In public appearances, Hobson has called for a “thoughtful and open debate on the role of nuclear weapons in our country's national security strategy.” 1 In 2004, he pointedly asked an audience at the National Academy of Sciences, “Has our current inventory of thousands of nuclear weapons dissuaded North Korea from building nuclear weapons? Is Iran being dissuaded from developing [a] nuclear weapons capability by our massive stockpile? These are rhetorical questions because we all know the answer is no.” Summing up his concerns, Hobson declared, “We cannot advocate for nuclear nonproliferation around the globe and pursue more usable nuclear weapon options here at home.” 2
Frustrated by what he considered the administration's lack of responsiveness to his concerns, Hobson last year took additional action. In the fiscal 2005 consolidated appropriations bill–in language reportedly inserted at the last minute with his Senate counterpart, Republican Pete Domenici of New Mexico–Hobson created the Reliable Replacement Warhead (RRW) program, described simply as a “program to improve the reliability, longevity, and certifiability of existing weapons and their components.” 3 In later remarks, he characterized the purpose of RRW as providing “the research and engineering problems necessary to challenge the workforce while at the same time refurbishing some existing weapons in the stockpile without developing a new weapon that would require underground testing to verify the design.” 4
Hobson's intentions regarding the RRW thus seem clear. He is seeking to steer Energy and the weapons laboratories away from exotic and provocative new nuclear weapons and toward design and engineering work intended primarily to allow the refurbishment of some portion of the existing arsenal–improving longevity and maintaining reliability in the process without resorting to nuclear tests–while at the same time providing enough technical challenges to keep weapons designers active and engaged in the upkeep of the stockpile.

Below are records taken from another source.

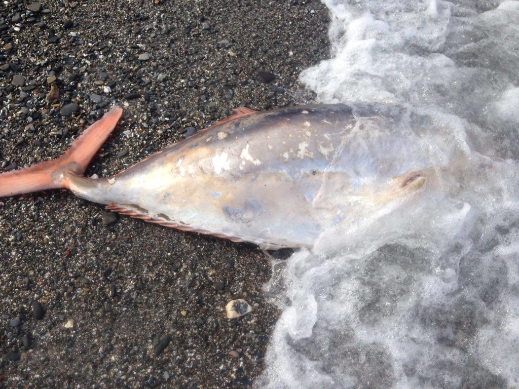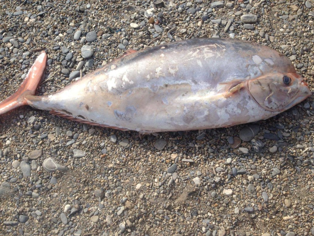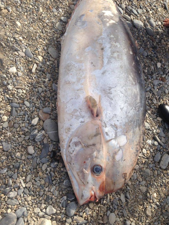 Sulla spiaggia nei pressi del monumento dei bambini ad Albenga è stato trovato un esemplare di pesce imperatore o luvaro (Luvarus imperialis) senza vita.
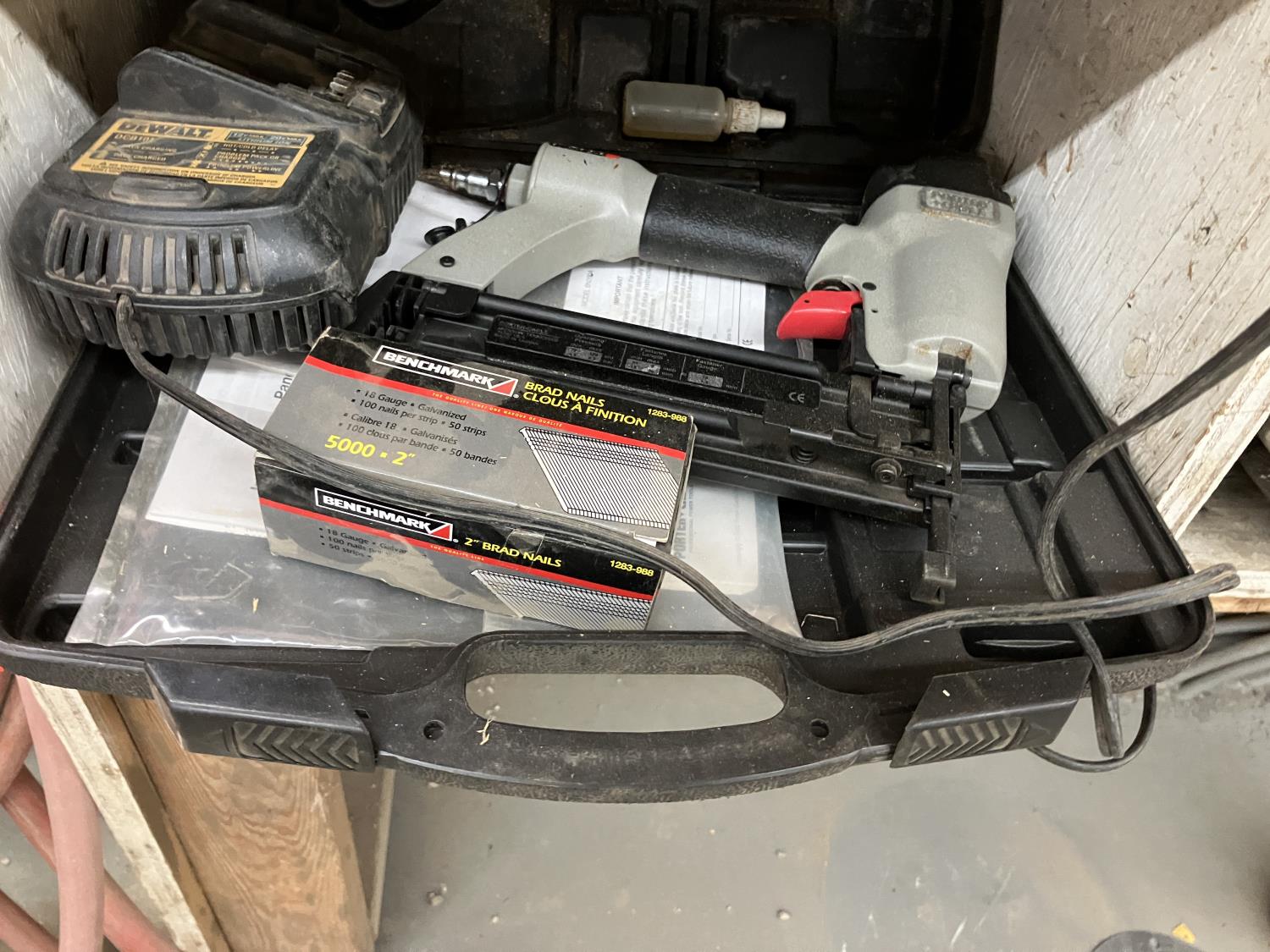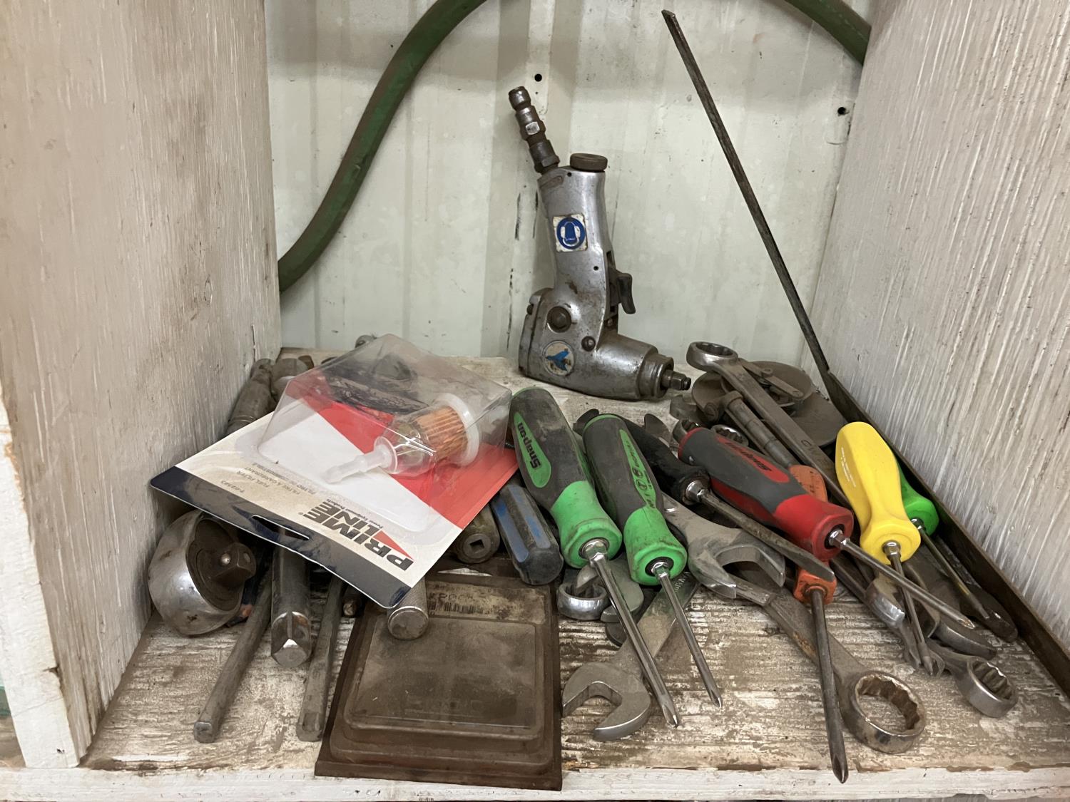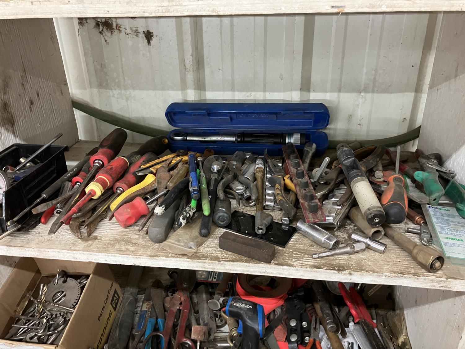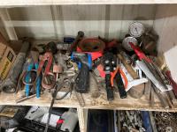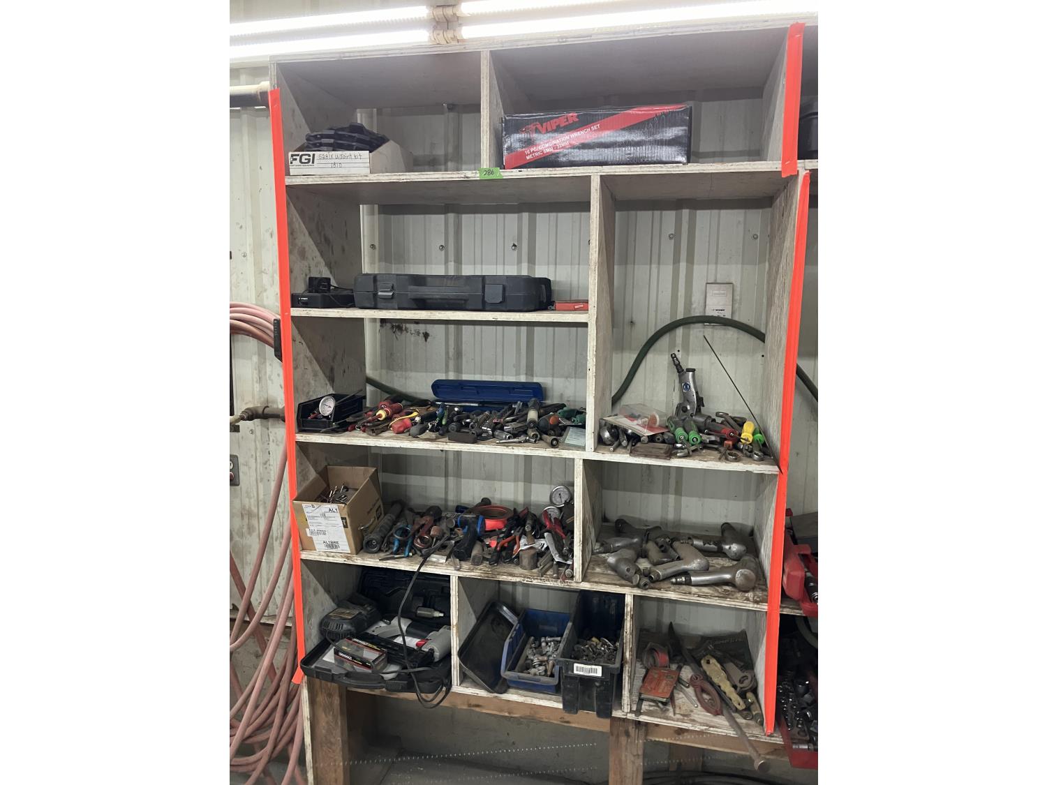 Air tools, screwdrivers, nail gun, sockets, pliers, tin snips, (16) piece new metric combination wrench set, torque wrench, miscellaneous hardware
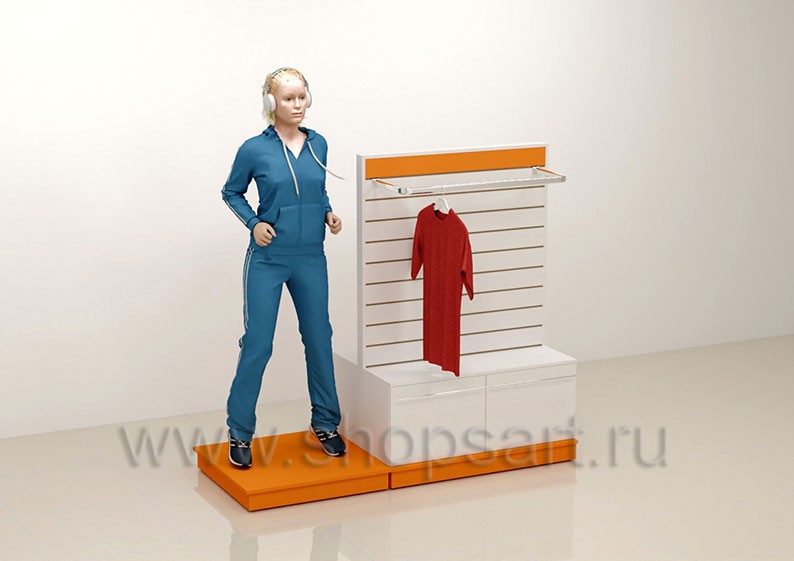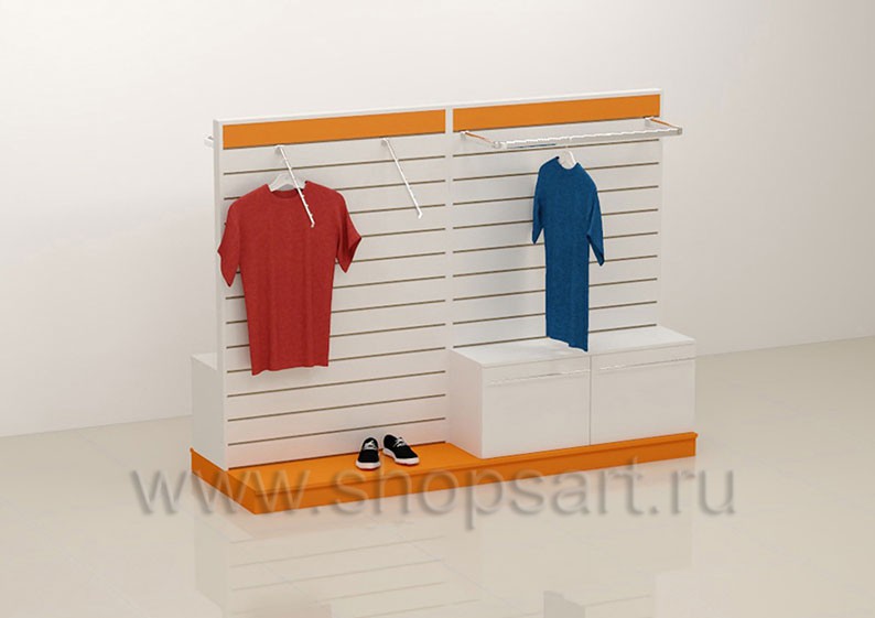 В торговом стеллаже используются: перфорированные стойки 40х40х2400 мм, цвета “хром”; задняя панель серый ЛДСП; подиум оранжевого ЛДСП; фронтальный кронштейн; наклонные кронштейны. В нижней части стеллажа устанавливается подиум. Стеллаж пристенный используется для выкладки и навески одежды, обуви и других товаров. Торговое оборудование может комплектоваться полками из ЛДСП, МДФ, стекла различной глубины, перфорированными стойками любой модификации. Стойки могут оснащаться любыми кронштейнами шириной 600мм, 900мм, 1200мм. и аксессуарами для навески и выкладки. Цоколь можно изготовить из металлизированного пластика.

This is not the first time that policy makers have sought to rein in the nuclear bureaucracy. In 1993, the Clinton administration and Congress secured an indefinite extension of the short-term nuclear testing moratorium legislated in 1992 by negotiating with the Energy Department and the leadership of the weapons labs (Los Alamos, Lawrence Livermore, and Sandia national laboratories) to create what is now known as the Stockpile Stewardship Program. Under the terms of this deal, the laboratories agreed not to challenge the moratorium in return for a $4 billion a year, 10-year program (now consuming $6.5 billion annually). Utilizing an array of sophisticated diagnostic and simulation devices and programs, the laboratories affirmed they would be able to maintain and certify the stockpile without resorting to full-scale underground nuclear tests. (Although the option to resume underground testing in Nevada under extraordinary circumstances, with presidential authorization, was retained.)

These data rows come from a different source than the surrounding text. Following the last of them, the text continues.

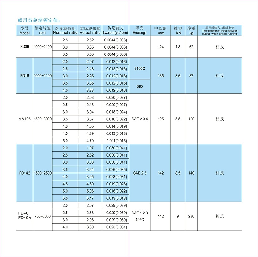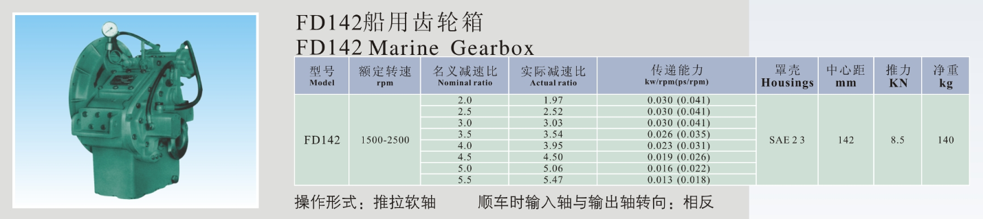 前進名義減速比: 3 輸入轉速: 1500-2500rpm
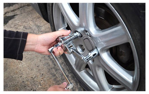 Dzięki uniwersalnej blokadzie (niezależnie od ilości szpilek), klucz stabilnie i pewnie trzyma się koła w trakcie odkręcania.
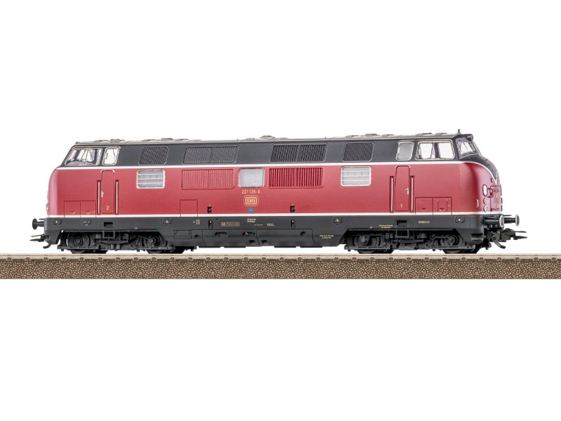 Vorbild: Schwere dieselhydraulische Mehrzwecklokomotive Baureihe 221. Deutsche Bundesbahn (DB). Grundfarbgebung purpurrot. Betriebsnummer 221 126-6. Betriebszustand um 1975.
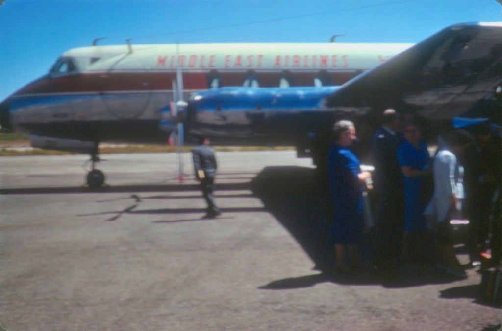 Life was always just the other side of normal, though.  It wasn’t until the following March that my mother was able to return to the Kingdom.  Before she left the States, an Aramco friend approached her for a favor: since she was traveling through Amsterdam on her way East, could she pick up the baby they had just adopted?  Here’s my mother, a bride of only five months, walking down the aircraft stairs with a baby in her arms — how people must have talked!  But life with Aramco was like that.  As a foreign place became your place, necessity mothered many schemes.
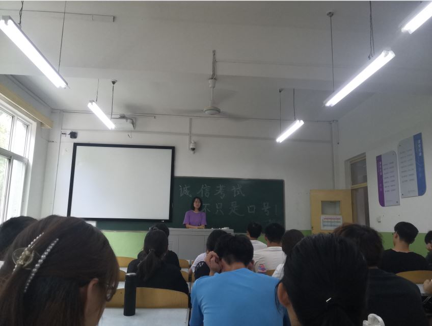 会上,安妮老师着重强调了考试诚信的问题,要求同学们以“文明考风,诚信考试”为原则,树立以诚信考试为荣,以违纪作弊为耻的观念,弘扬求实学风,维护知识的尊严,用诚信品德向自己交上一份满意的答卷。同学们纷纷签署了“期末考试诚信考试承诺书”,并表示会做到诚实诚信,认真答题,规范自己在考场的行为。(文/1904班 白亚萍 摄/1904班 白亚萍)
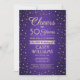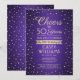 Famille Invitation et amis à une fête d'anniversaire élégante avec des invitations personnalisées violet et or. Tout le libellé de ce modèle (y compris "Cheers to 50 Years") est mis en place pour un 50ème anniversaire, mais est simple à personnaliser pour n'importe quelle année ou type d'événement. Le design comprend des points de confetti de citron moderne sur un arrière - plan métallique faux brossé, de la calligraphie de script élégant et de la typographie vintage classique art déco. Veuillez noter que l'or est imprimé en couleur et non en métal. Le design neutre pour les femmes convient aussi bien à un homme qu'à une femme. Bonjour et Joyeux anniversaire !
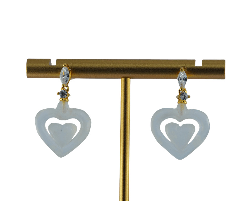 1. 耳钩采用925纯银打造,亲肤不过敏。顶部和连接处各镶嵌一颗高品质大水钻锆石,切割面丰富。下方的桃心挂坠为天然玉石,全程由经验丰富的匠人手工雕琢。每一刀的深浅、每一处的弧度都凝聚着匠人的心血,展现了极高的雕刻技艺 。耳钩整体长度设计恰到好处,既能在发丝间若隐若现地展现玉石的温润与雕刻细节,又不会过于夸张。
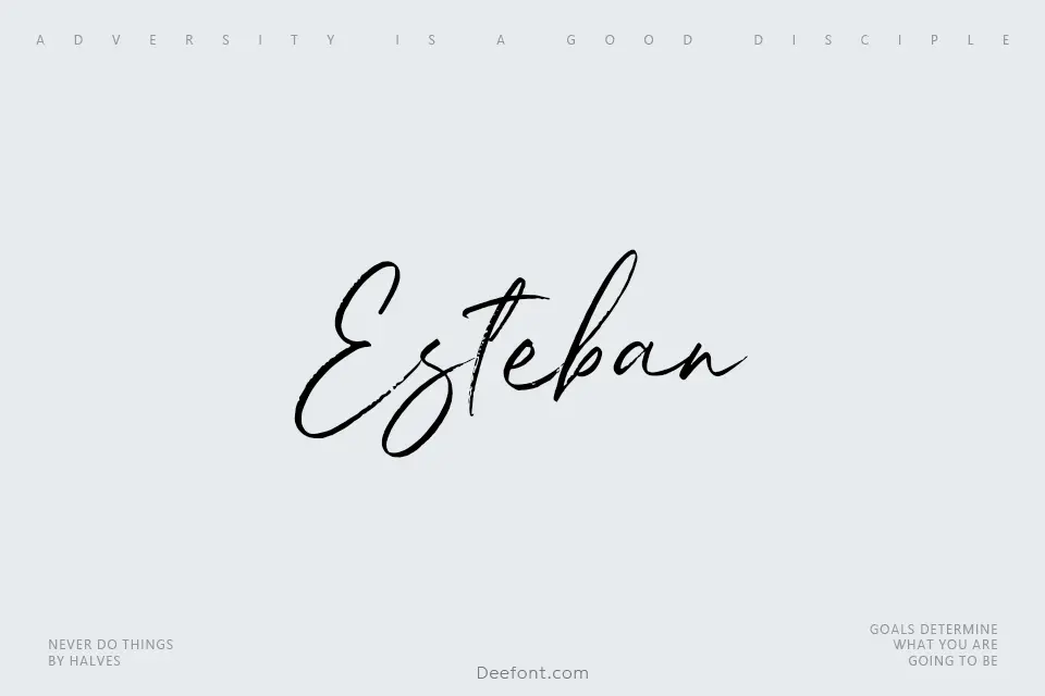 Esteban Font is an elegant handwritten script typeface featuring fluid, dancing baseline strokes with brush-like calligraphic qualities. Designed with moderate contrast and variable strokes that create a lively, organic feel, this typeface excels in posters, invitations, branding projects, and decorative typography. The font’s spontaneous pen-stroke characteristics and 319 glyphs make it suitable for editorial designs, wedding stationery, product packaging, and creative headlines seeking a personal, artistic touch while maintaining excellent readability across digital and print media.

A key element of stockpile stewardship, the Life Extension Program (LEP), is expressly designed to maintain and refurbish existing warheads and components as needed. The underlying philosophy of the LEP is to keep changes to a minimum, particularly when it comes to the design of the nuclear explosive package. But whereas the mantra of LEP is to maintain the existing arsenal, the RRW allows for complete upgrades of warhead components, including the nuclear explosive package.
This distinction has not been lost on LEP's detractors. Despite the significant largesse it brought to the laboratories, stockpile stewardship was and remains controversial. Laboratory and Energy officials claim that although the program they designed continues to function well, over the longer term it is incapable of supporting the changes now said to be necessary to allow the arsenal to adapt to shifting security paradigms. In addition, they argue that stockpile stewardship is financially unsustainable because it is too costly to maintain the many diverse types of existing warheads with a decrepit weapons complex. 5
Another core argument against stockpile stewardship centers on concern over warhead reliability, either with regard to how aging is affecting the expected performance of a given warhead or class of warheads, or how accumulated small changes in a warhead–caused by replacing certain components with new ones–might have unintended negative consequences on a weapon's explosive yield.

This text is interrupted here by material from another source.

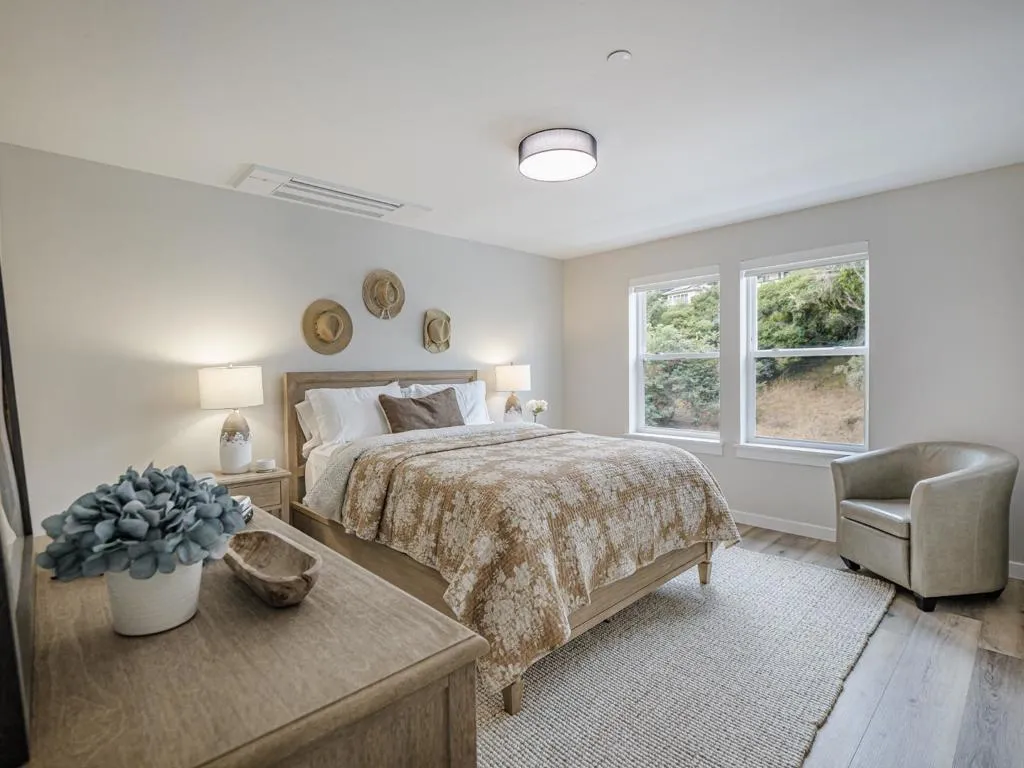 Newly completed townhouse-style condos in Aptos Village, a thoughtfully planned 11.5-acre community nestled between the trees and the ocean. This pedestrian-friendly town square blends timeless architecture and small-town charm with modern luxury and energy-efficient design. A rare opportunity for brand-new construction, this 3-bedroom residence offers a unique chance to secure a new home at a compelling price point in one of Santa Cruz County's most desirable communities. The open-concept main level features a spacious kitchen, dining area, and living room that opens to a private balcony overlooking Aptos Village-ideal for morning coffee or evening relaxation. A full bedroom and guest bathroom on this level provide flexibility for guests or home office use. Upstairs, two primary suites offer walk-in closets and comfortable separation. A generous 2-car garage with direct interior access adds convenience and security. Walk to coffee, dining, and shopping, with easy access to beaches, redwood trails, and everyday essentials.***Photos are of Staged Unit, Same Floorplan. ***

There is, unfortunately, a great deal of confusion and obfuscation when the words unreliable and nuclear weapons are brought together. An “unreliable” warhead is not, in the parlance of the nuclear establishment, a weapon that won't explode. More likely, it is a weapon that may not meet the labs' and the military's extremely stringent performance requirements. For example, a warhead with an intended yield of 475 kilotons that only produces 400 kilotons in theoretical simulations is considered unreliable because it may no longer be capable of inflicting the specific level of damage required by the military's targeting doctrine. (See “Defining Reliable,” March/April 2001 Bulletin.) Yet, even at that reduced yield–nearly 27 times more powerful than the bomb that destroyed Hiroshima–a warhead is capable of inflicting massive damage on its target. (And it's hard to imagine that potential adversaries would somehow feel less threatened by a nuclear warhead of “only” 400 kilotons.) In any event, for high-value targets, more than one warhead is typically assigned to ensure the requisite level of destruction.
In fact, in more than a decade of intense scrutiny, the stockpile stewardship program has not identified any major concerns about the viability of the U.S. nuclear arsenal. The laboratory directors have annually and repeatedly certified the stockpile to be safe and the nuclear components to be 100 percent reliable. It would be difficult to improve on that record.
The bureaucracy buys in
Perhaps sensing an opportunity, officials from the nuclear weapons laboratories and the Energy Department have enthusiastically embraced and expanded upon Hobson's RRW concept, presenting it as the linchpin to transforming both the nuclear stockpile and the massive complex that supports it.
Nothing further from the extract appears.